Economists warn the impact could extend beyond inflation and weigh on broader economic activity.
"The geopolitical escalation is hitting the German economy at a moment when a dynamic recovery had only just begun," said Geraldine Dany-Knedlik of the German Institute for Economic Research (DIW). Rising energy prices and heightened uncertainty are likely to delay a meaningful rebound, she added.
The German government has already described the recovery as fragile and last week cut its 2026 growth forecast by half to 0.5 percent, citing higher energy costs and geopolitical risks.
To mitigate the impact, Berlin plans to cut fuel taxes by around 17 euro cents (0.2 U.S. dollars) per liter from May 1 to June 30, a measure expected to cost about 1.6 billion euros (1.87 billion dollars) in lost revenue. The oil industry has pledged to pass the reduction on to consumers, though some analysts doubt it will be fully reflected in prices.
Critics have also questioned whether the fuel rebate will primarily benefit oil companies rather than significantly ease pressure on households, while only supporting drivers of combustion-engine vehicles.

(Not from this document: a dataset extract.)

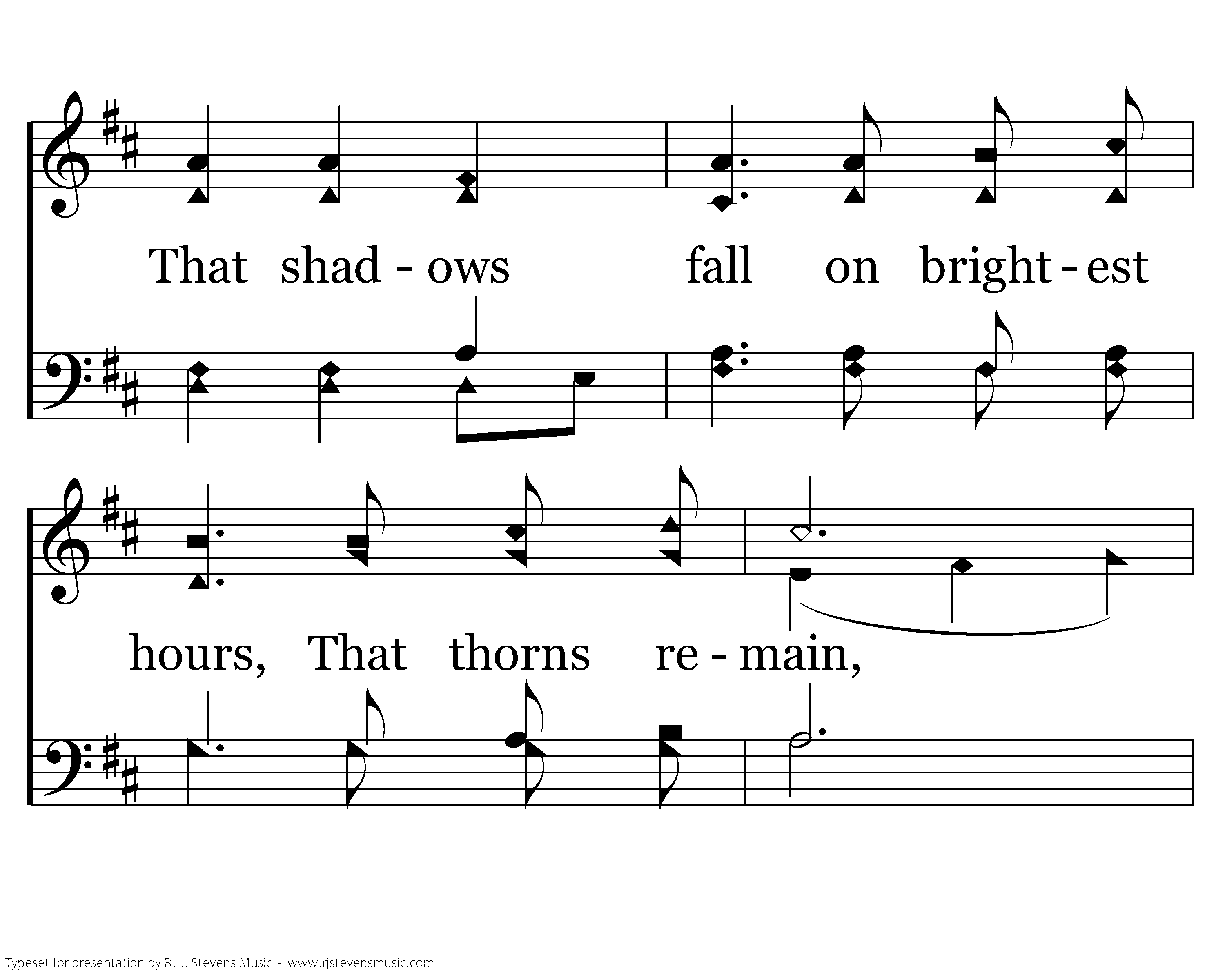I thank You more that all our joy Is touched with pain, That shadows fall on brightest hours, That thorns remain, So that earth's bliss may be our guide And not our chain.

However, analysts say the current inflation wave is likely to be less severe than the shock triggered by the Russia-Ukraine conflict in 2022.
A simulation by the German Economic Institute (IW) suggests inflation could reach around 3.5 percent in 2026, well below the peak of about 10 percent during that crisis. The institute expects consumer prices in December 2026 to be 4.6 percent higher than a year earlier.
Germany's economy ministry said the recovery outlook will largely depend on how the Middle East conflict evolves and remains subject to "considerable uncertainty." Should tensions ease, increased government spending on infrastructure and defense could help lift the economy out of its prolonged downturn.